Therefore, the total query complexity is

$$ O\left( \sqrt{nB} + n/\sqrt{B} \right) = O\left( n^{3/4} \right) $$

by selecting \(B = \Theta \left( \sqrt{n}\right) \).

5.1.6 Correctness

The correctness of Algorithm 5 is not obvious due to the fact that we only deal with one candidate in each block, but there can be several candidates that matches p in a single block. This issue is resolved by the following exclusion rule:

  • For every two equal substrings \(s[i \dots i+B-1]\) and \(s[j \dots j+B-1]\) of s that overlap each other with \(0 \le i< j < n\) and \(1 \le B \le n/2\), if both of them are prefixes of \({\text {SCR}}(s)\), then \({\text {LMSR}}(s)\) cannot be the larger index j.

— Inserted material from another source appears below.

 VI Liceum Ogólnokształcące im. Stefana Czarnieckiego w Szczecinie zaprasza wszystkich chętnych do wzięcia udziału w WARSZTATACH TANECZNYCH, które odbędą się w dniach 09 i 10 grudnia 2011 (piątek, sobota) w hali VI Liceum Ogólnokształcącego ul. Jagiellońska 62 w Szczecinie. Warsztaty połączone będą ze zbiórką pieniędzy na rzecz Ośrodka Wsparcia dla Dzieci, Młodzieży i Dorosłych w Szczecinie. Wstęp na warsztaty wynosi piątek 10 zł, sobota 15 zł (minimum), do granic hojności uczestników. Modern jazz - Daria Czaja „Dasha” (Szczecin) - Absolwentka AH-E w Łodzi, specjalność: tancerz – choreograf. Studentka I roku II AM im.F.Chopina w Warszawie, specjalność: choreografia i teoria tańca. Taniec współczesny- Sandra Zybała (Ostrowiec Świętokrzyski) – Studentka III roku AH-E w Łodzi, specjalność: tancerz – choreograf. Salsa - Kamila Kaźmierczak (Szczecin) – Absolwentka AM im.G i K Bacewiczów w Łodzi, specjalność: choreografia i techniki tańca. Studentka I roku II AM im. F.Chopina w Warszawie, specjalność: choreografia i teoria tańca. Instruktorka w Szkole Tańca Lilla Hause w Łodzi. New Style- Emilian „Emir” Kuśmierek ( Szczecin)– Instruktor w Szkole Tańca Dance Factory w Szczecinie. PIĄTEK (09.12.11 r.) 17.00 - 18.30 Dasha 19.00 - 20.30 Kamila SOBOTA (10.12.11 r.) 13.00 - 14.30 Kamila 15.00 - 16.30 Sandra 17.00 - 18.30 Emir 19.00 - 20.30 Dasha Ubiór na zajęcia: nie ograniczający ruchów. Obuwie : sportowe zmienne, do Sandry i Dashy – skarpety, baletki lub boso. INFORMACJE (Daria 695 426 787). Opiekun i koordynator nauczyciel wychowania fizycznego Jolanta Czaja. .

More precisely, this exclusion rule can be stated as the following:

Lemma 5.1

[Exclusion Rule for LMSR] Suppose \(s \in \Sigma ^n\) is a string of length n. Let \({2} \le B \le n/2\), and two indices \(i, j \in [n]\) with \(i< j < i+B\). If \(s[i \dots i+B-1] = s[j \dots j+B-1] = s[{\text {LMSR}}(s) \dots {\text {LMSR}}(s)+B-1]\), then \({\text {LMSR}}(s) \ne j\).

Proof

See Appendix E. \(\square \)

Indeed, the above exclusion rule can be viewed as the Ricochet Property of LMSR. Here, the Ricochet Property means that if two candidates are in the same block, then at most one of them can survive. This kind of Ricochet property was found to be useful in string matching, e.g., [73]. If there are two candidates in the same block, since each block is of length \(L = \lfloor B/4 \rfloor < B\), then the two candidates must overlap each other. By this rule, the smaller candidate remains. Consequently, the correctness of Algorithm 5 is guaranteed because \(h_i\) defined by (6) always chooses the smallest candidate in each block.

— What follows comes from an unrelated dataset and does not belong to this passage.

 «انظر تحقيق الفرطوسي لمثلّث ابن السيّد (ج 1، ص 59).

After the above discussions, we obtain:

Theorem 5.2

Algorithm 5 is an \(O\left( n^{3/4} \right) \) bounded-error quantum query algorithm for LMSR.

The quantum algorithm given by Theorem 5.2 uses quantum deterministic sampling (Lemma 4.3) as a subroutine. It can be also made time-efficient in the same way as discussed in Remark 4.2.

5.2 An Improvement for Better Average-Case Query Complexity

In the previous subsection, we propose an efficient quantum algorithm for LMSR in terms of its worst-case query complexity. It is easy to see that its average-case query complexity remains the same as its worst-case query complexity. In this subsection, we give an improved algorithm with better average-case query complexity which also retains the worst-case query complexity.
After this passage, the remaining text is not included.